◆ **Exercise goal**: The listing below holds pictures; exclude them. Return exactly the lines from the one with "9dílná zahradní sedací" through the one with "Добравшись до древних".

◆ **Supplied entries**:
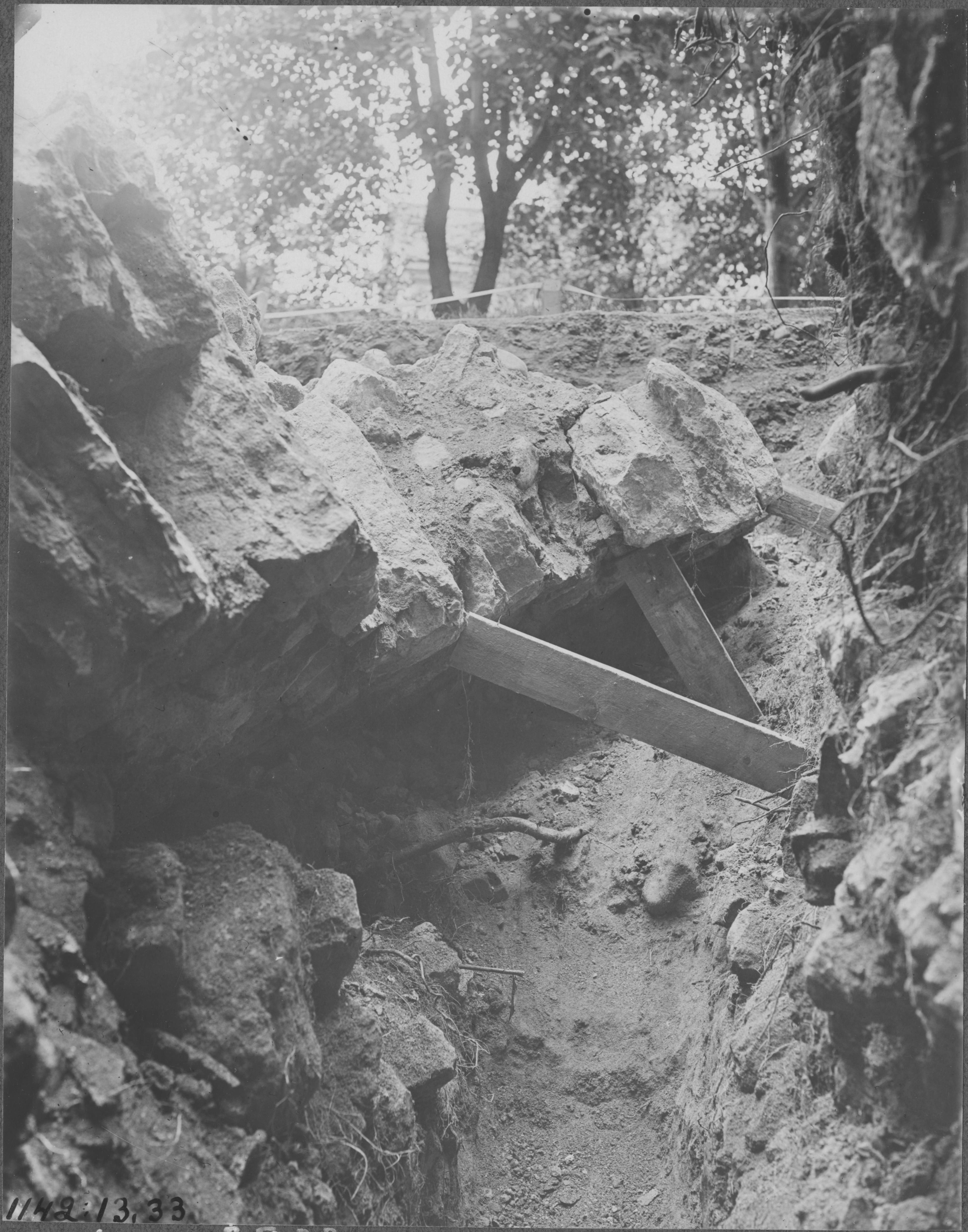 Beskrivning: Nedrasade murpartier söder om södra långhusportalen.
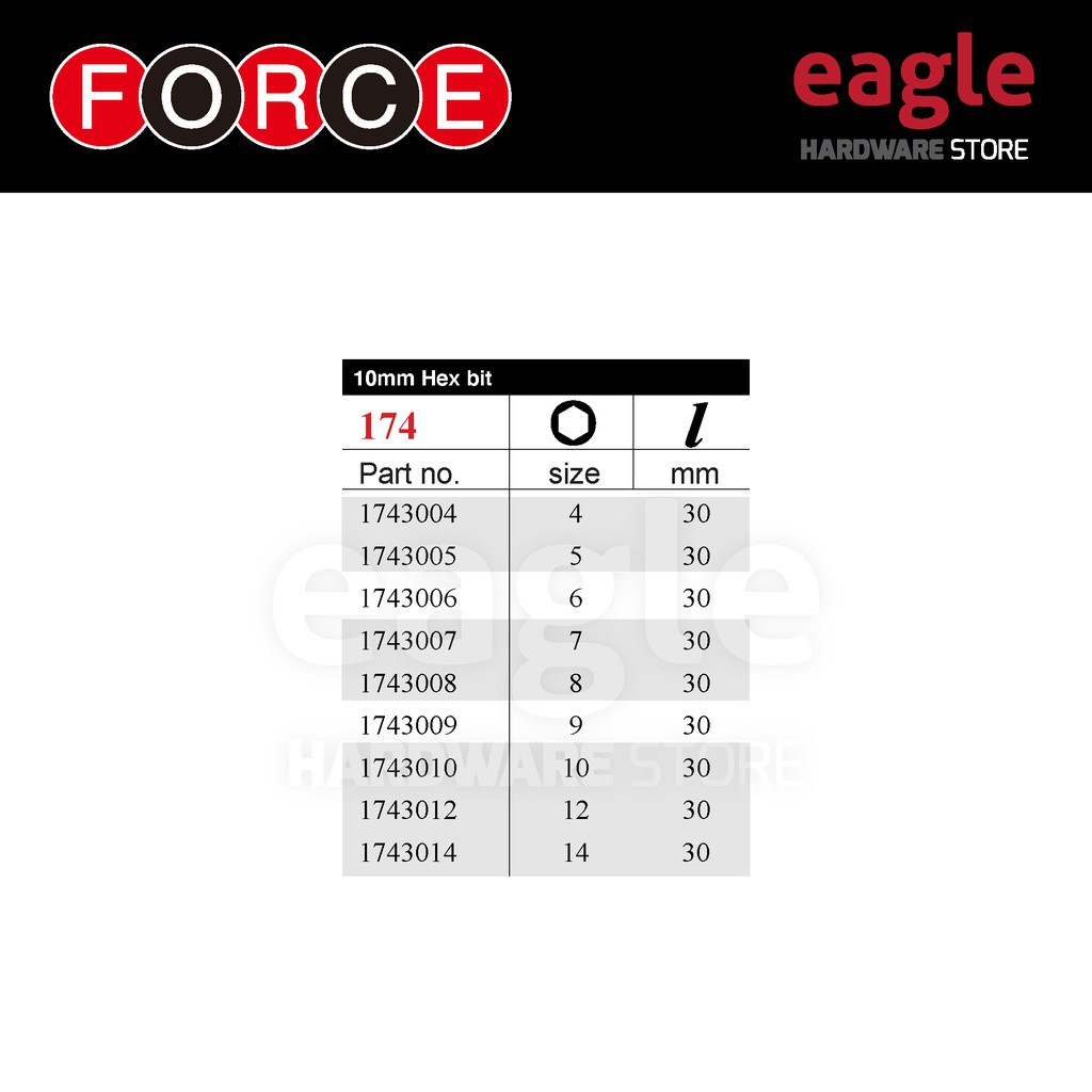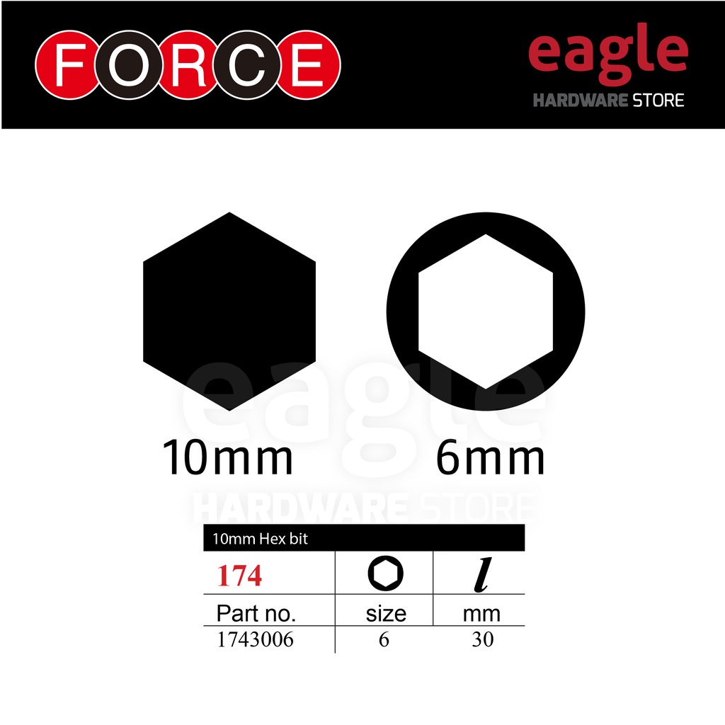 Force 174 Hex Bit - 10mm Shank ( M4 ~ M14 )
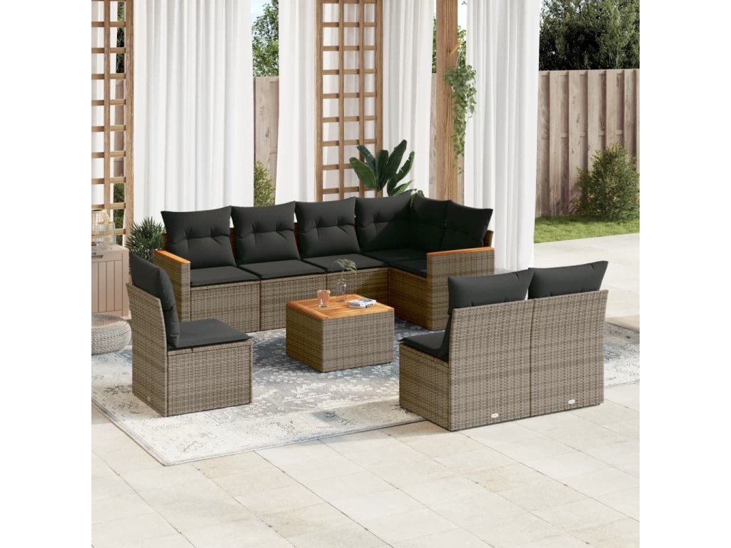 9dílná zahradní sedací souprava s poduškami šedá polyratan 3258455
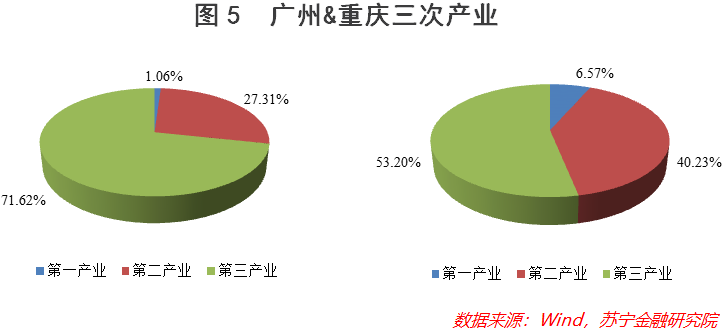 从数据上看,目前两个城市的产业结构均呈现出“三二一”态势,且第三产业(服务业)占GDP比重均已过半,不过广州的第三产业显然要比重庆发达得多,2019年占比高达71.62%,重庆则刚刚超过50%,其农业和二产所占份额皆高于广州(见图5),也反映出两座城市产业体系以及所处发展阶段的不同。
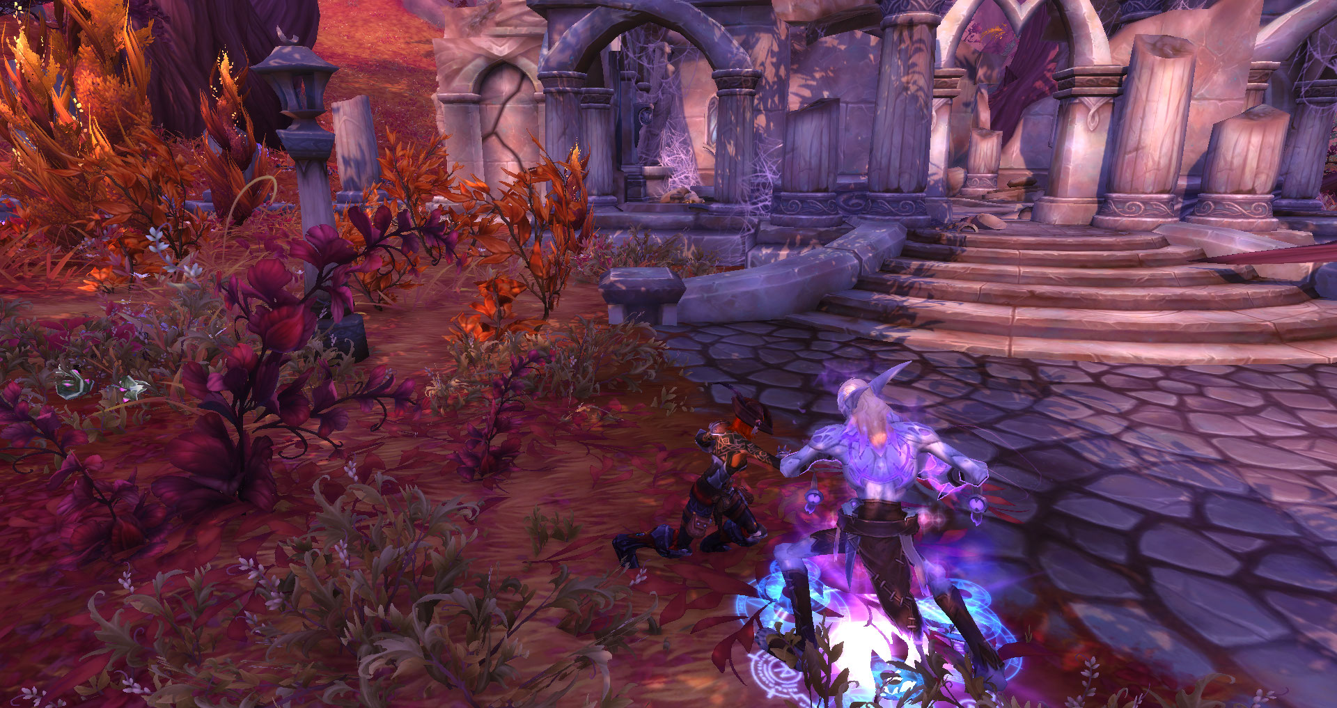 Добравшись до древних руин, они наконец смогли узреть искомое. Целое скопление манакристаллов красиво переливалось близь векового дерева, которое осыпало необычные камни желтыми листьями. Хоть они и были полны манны, нужно было перенаправить энергию, чтобы их фон могли учуять существа за пару миль отсюда. Сконцентрировавшись, они использовали свои силы для реализации задуманного. Но как только девушки затратили больше положенных сил, как вокруг раздался громкий топот.
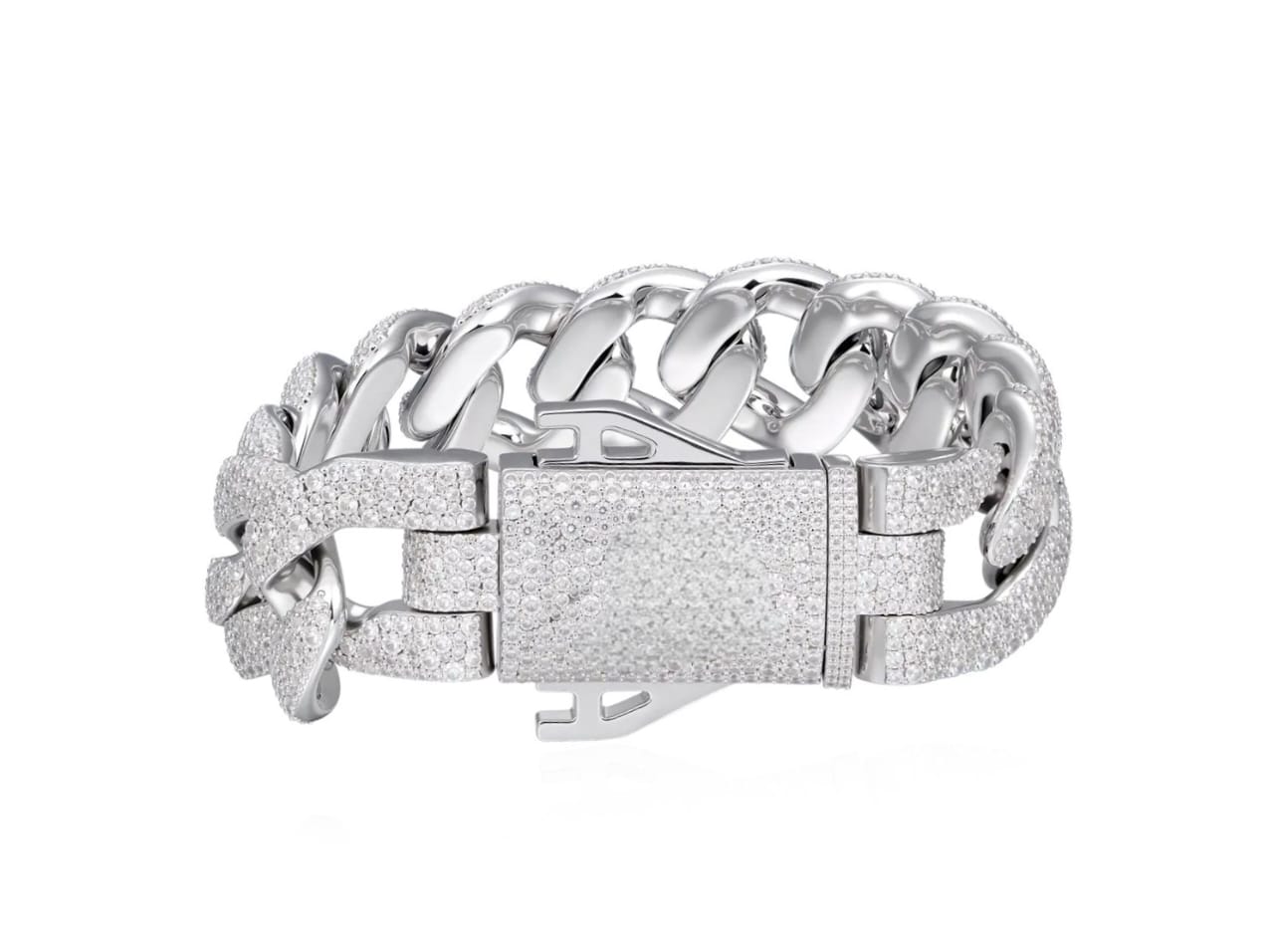 This Cuban link bracelet-19mm is completely covered in diamonds, which is a great example of the unique style and energy of hip-hop culture. A row of spherical stones decorates each part of the bracelet. The pressure clasp closing not only keeps the 19mm bracelet safe, but it also fits in with the style of the chain, making the whole thing look seamless. The Cuban link is a unique part of hip-hop culture that stands for strength and freedom. The bracelet has more cultural meaning when you add the diamond-studded pattern to it. It is not only a fashion accessory, but it is also a tribute to hip-hop culture and its principles, which include freedom, independence, and being yourself.
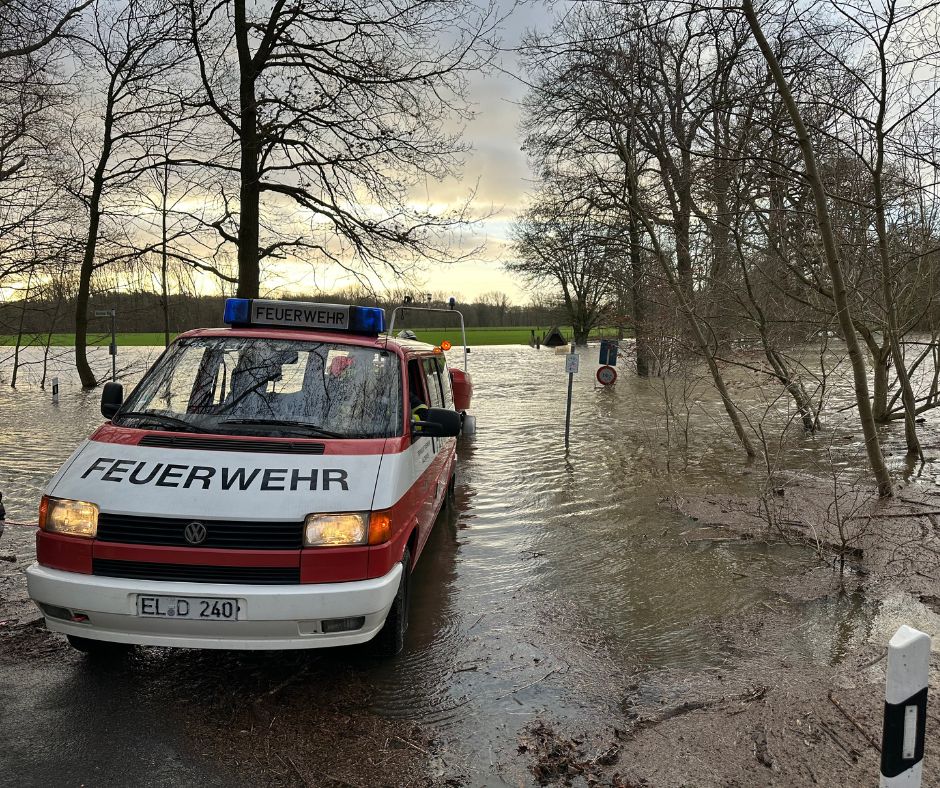 Droste: Hier in Salzbergen haben sich die steigenden Wasserstände der Ems, aber auch der anhaltende Starkregen selbst zunächst durch überflutete Keller bemerkbar gemacht. In den Gottesdiensten an Heiligabend berichteten viele Gottesdienstbesucher davon, dass sie mit Wasser im Keller zu kämpfen hatten. Vielfach musste die Freiwillige Feuerwehr beim Abpumpen unterstützen. Der Melder, der uns Feuerwehrleute zu Einsätzen ruft, löste in der letzten Zeit also deutlich häufiger aus als üblich. Der stetig ansteigende Pegel der Ems führte dann dazu, dass Straßen überflutet wurden und einige Häuser dadurch nicht mehr erreichbar waren. Die Feuerwehrführung und die Gemeindeverwaltung kontrollierten mehrmals täglich die Lage. Aufgabe der Feuerwehr war es dann zunächst Sandsäcke zu füllen und vorzuhalten und auch wichtige Teile der Infrastruktur etwa Transformatoren vor Überflutung zu schützen. Die Notfallseelsorge wurde in meinem Einsatzbereich nicht angefordert.

◆ **Output**:
 9dílná zahradní sedací souprava s poduškami šedá polyratan 3258455
 从数据上看,目前两个城市的产业结构均呈现出“三二一”态势,且第三产业(服务业)占GDP比重均已过半,不过广州的第三产业显然要比重庆发达得多,2019年占比高达71.62%,重庆则刚刚超过50%,其农业和二产所占份额皆高于广州(见图5),也反映出两座城市产业体系以及所处发展阶段的不同。
 Добравшись до древних руин, они наконец смогли узреть искомое. Целое скопление манакристаллов красиво переливалось близь векового дерева, которое осыпало необычные камни желтыми листьями. Хоть они и были полны манны, нужно было перенаправить энергию, чтобы их фон могли учуять существа за пару миль отсюда. Сконцентрировавшись, они использовали свои силы для реализации задуманного. Но как только девушки затратили больше положенных сил, как вокруг раздался громкий топот.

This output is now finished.